**Data records:**
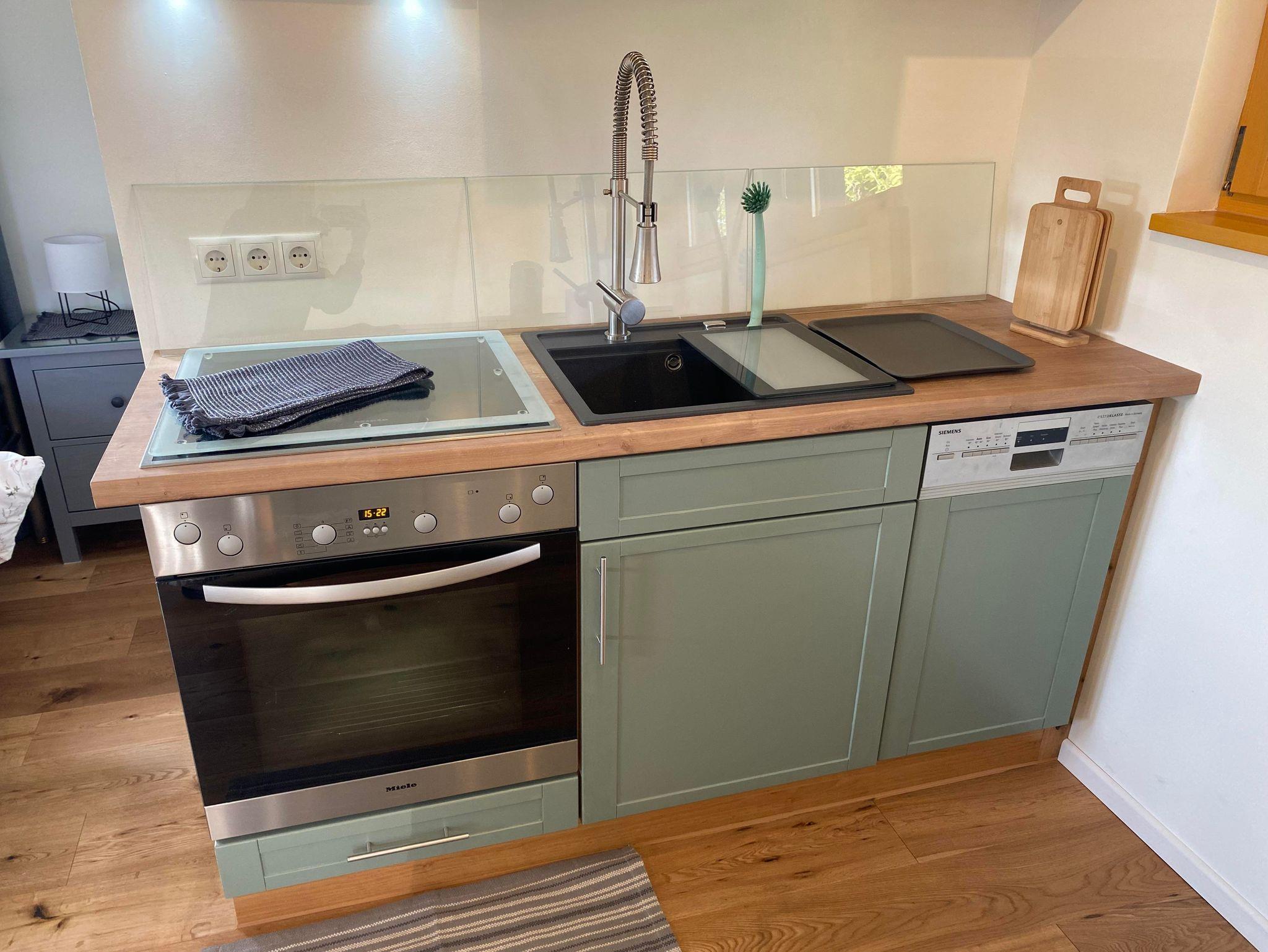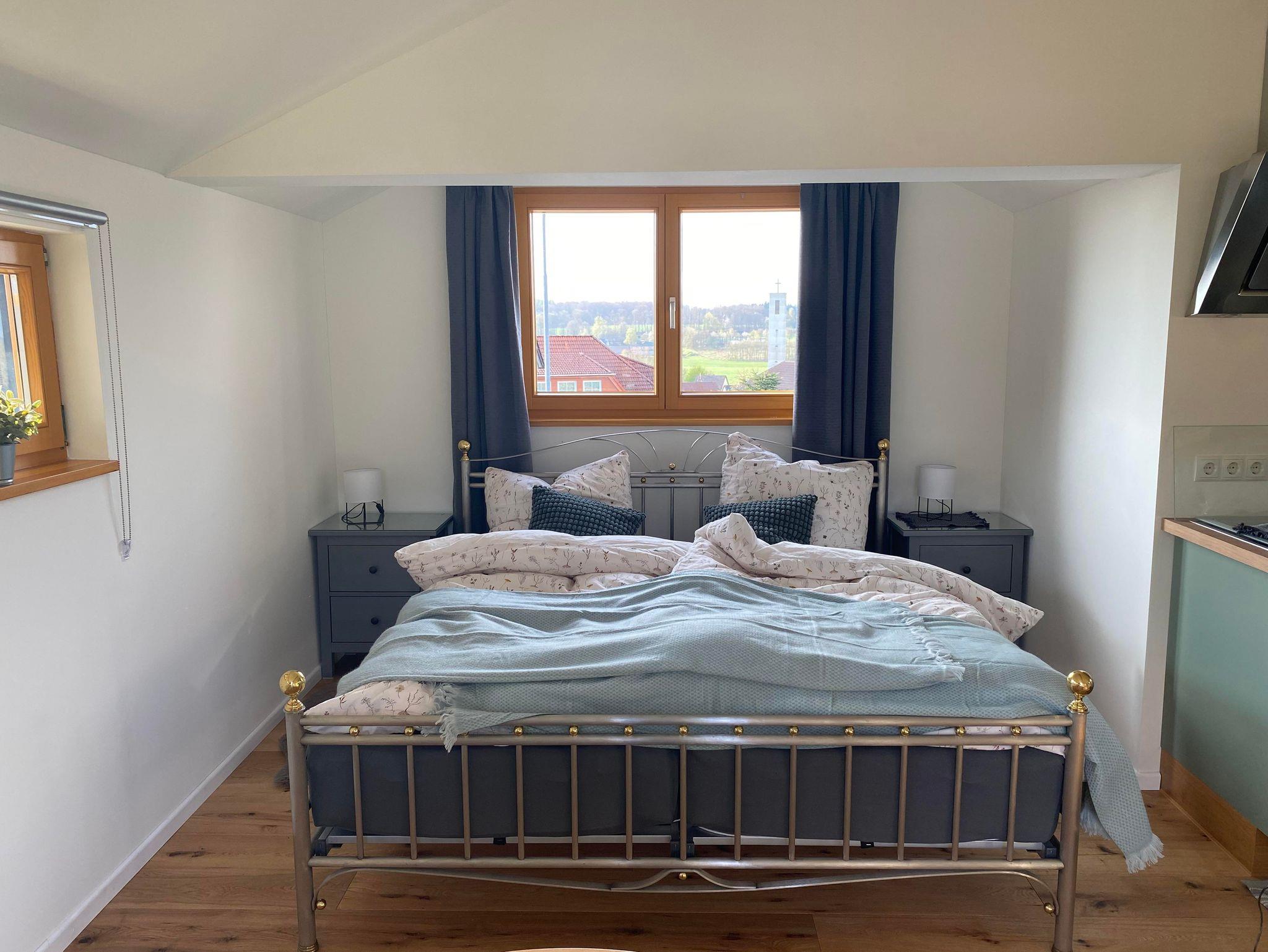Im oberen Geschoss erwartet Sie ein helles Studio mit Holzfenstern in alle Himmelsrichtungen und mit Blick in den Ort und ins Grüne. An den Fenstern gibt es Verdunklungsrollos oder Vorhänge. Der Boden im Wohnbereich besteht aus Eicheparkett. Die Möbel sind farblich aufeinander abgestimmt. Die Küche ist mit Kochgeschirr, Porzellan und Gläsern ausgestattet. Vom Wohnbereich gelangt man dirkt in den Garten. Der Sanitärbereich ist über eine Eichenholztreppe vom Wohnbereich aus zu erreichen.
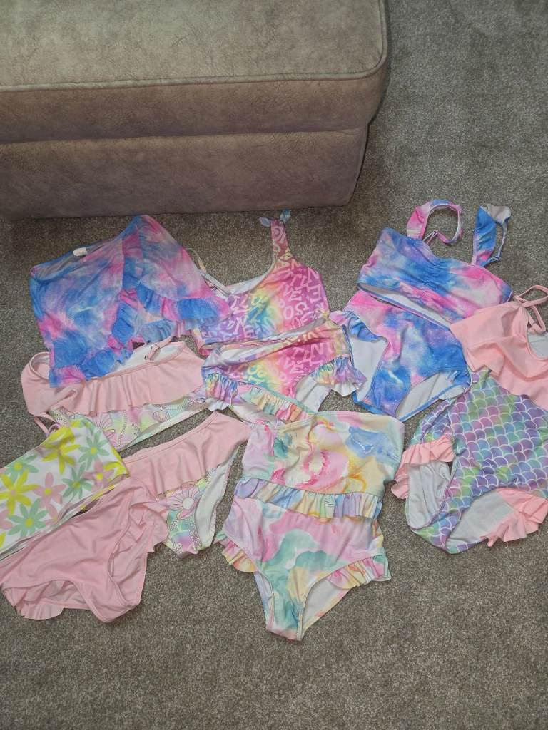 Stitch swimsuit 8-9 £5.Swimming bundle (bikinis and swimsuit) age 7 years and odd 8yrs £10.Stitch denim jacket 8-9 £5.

...

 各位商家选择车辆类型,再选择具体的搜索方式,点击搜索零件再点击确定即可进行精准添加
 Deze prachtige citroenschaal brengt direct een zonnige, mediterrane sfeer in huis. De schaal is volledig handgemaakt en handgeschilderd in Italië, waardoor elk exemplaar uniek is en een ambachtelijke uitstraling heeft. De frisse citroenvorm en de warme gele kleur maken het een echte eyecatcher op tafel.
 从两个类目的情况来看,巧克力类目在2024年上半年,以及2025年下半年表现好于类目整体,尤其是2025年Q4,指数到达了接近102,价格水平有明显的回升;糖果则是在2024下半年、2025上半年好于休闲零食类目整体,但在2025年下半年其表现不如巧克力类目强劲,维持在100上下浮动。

* * *

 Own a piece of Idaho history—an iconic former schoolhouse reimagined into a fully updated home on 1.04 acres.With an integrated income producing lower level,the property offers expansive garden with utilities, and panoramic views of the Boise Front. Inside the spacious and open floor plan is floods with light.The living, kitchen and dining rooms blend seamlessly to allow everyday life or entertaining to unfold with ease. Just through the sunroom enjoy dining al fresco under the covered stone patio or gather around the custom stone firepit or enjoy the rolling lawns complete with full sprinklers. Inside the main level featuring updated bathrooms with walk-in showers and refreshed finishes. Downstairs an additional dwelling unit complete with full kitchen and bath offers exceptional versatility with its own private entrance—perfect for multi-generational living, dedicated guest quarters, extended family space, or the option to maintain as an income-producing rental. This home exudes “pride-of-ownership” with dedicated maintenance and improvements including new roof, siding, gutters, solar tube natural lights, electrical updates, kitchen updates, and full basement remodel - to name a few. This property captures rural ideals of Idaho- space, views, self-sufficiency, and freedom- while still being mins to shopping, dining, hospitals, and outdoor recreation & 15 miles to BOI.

**About this exercise:**
With the line that has "各位商家选择车辆类型,再选择" as the first and the line that has "从两个类目的情况来看,巧克力" as the last, repeat exactly that run of lines above and no more.

**Response to the task:**
 各位商家选择车辆类型,再选择具体的搜索方式,点击搜索零件再点击确定即可进行精准添加
 Deze prachtige citroenschaal brengt direct een zonnige, mediterrane sfeer in huis. De schaal is volledig handgemaakt en handgeschilderd in Italië, waardoor elk exemplaar uniek is en een ambachtelijke uitstraling heeft. De frisse citroenvorm en de warme gele kleur maken het een echte eyecatcher op tafel.
 从两个类目的情况来看,巧克力类目在2024年上半年,以及2025年下半年表现好于类目整体,尤其是2025年Q4,指数到达了接近102,价格水平有明显的回升;糖果则是在2024下半年、2025上半年好于休闲零食类目整体,但在2025年下半年其表现不如巧克力类目强劲,维持在100上下浮动。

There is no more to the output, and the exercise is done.